Question

1. The ordered pairs model an exponential function, where j is the function name and e is the input variable.

{(1, 10), (2, 50), (3, 250), (4, 1250)}

What is the function equation in sequence notation?

Enter your answer in the box.
je=_______


2. The population of a pack of wolves is 88. The population is expected to grow at a rate of 2.5% each year.

What function equation represents the population of the pack of wolves after t years?

f(t)=88(1.025)^t

f(t)=88(0.025)^t

f(t)=88(2.5)^t

f(t)=88(1.25)^t


3. Ramon bought a bicycle for $478. The value of the bicycle is expected to decrease at a rate of 6.5% each year.

What function equation represents the value of the bicycle after t years?

f(t)=478(1.065)^t

f(t)=478(0.935)^t

f(t)=478(6.5)^t

f(t)=478(0.065)^t

Answer 1

Answer: Hi.
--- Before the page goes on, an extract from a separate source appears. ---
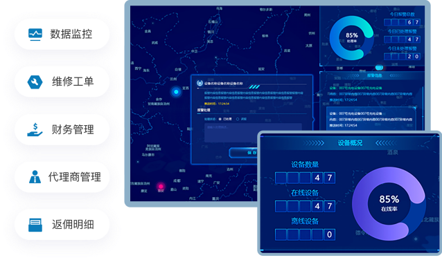 平台端不仅支持常规的售后工单管理、代理商管 理、佣金管理、设备管理,同时集成大数据看板, 基于投放及用户使用数据收集,分析城市特性和 城市用户画像,审核单店使用频率、人流量、订 单率、在线率、投资回报率以支撑平台高效运营

I am sorry if this is a late answer, but here are the answer's I have. I just took the test so I am pretty sure these are correct:

#1.

2(5^e)

#3.

B) f(t)=478(0.935)^t

I am so sorry but I don't have the answer for question #2. I hope you figure it out or someone else can help you. I hope I helped. Good Luck!

Answer 2

1)
`j=2(5)^e`

2) option A

3) option B

Explanation:

1) Given: The ordered pairs model an exponential function, where j is the function name and e is the input variable.
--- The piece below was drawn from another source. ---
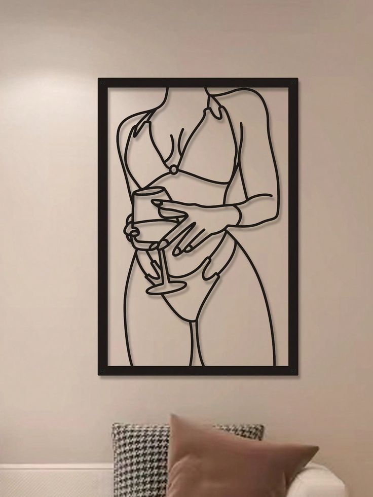 تابلو فلزی طرح "بانوی ساحل" (لاینآرت مدرن بانو و جام)

{(1, 10), (2, 50), (3, 250), (4, 1250)}

Let an exponential function
`y=ab^x`

Now, put (1,10) ⇒10=ab .....(1)

put (2,50) ⇒
`50=ab^2` ....(2)

divide (1) and (2)

we get b=5 then put back in (1)

we get 10=a(5)⇒ a=10/5= 2

therefore the required function is
`y=2(5)^x`

For j is the function name and e is the input variable

the function is
`j=2(5)^e`

2) Given: The population of a pack of wolves is 88. The population is expected to grow at a rate of 2.5% each year.

To find: What function equation represents the population of the pack of wolves after t years

solution :
`f(t) = P(1+r)^t`

where P-population , r- growth rate , t -time

putting value we get,
`f(t) = 88(1+0.025)^t`

`f(t) = 88(1.025)^t`

therefore, option A is correct

3) Given: Ramon bought a bicycle for $478. The value of the bicycle is expected to decrease at a rate of 6.5% each year.

To find: What function equation represents the value of the bicycle after t years.

solution :
`f(t) = P(1-r)^t`

where P-population , r- decay rate , t -time

putting values we get,
`f(t) = 478(1-0.65)^t`

`f(t) = 478(0.935)^t`

therefore, option B is correct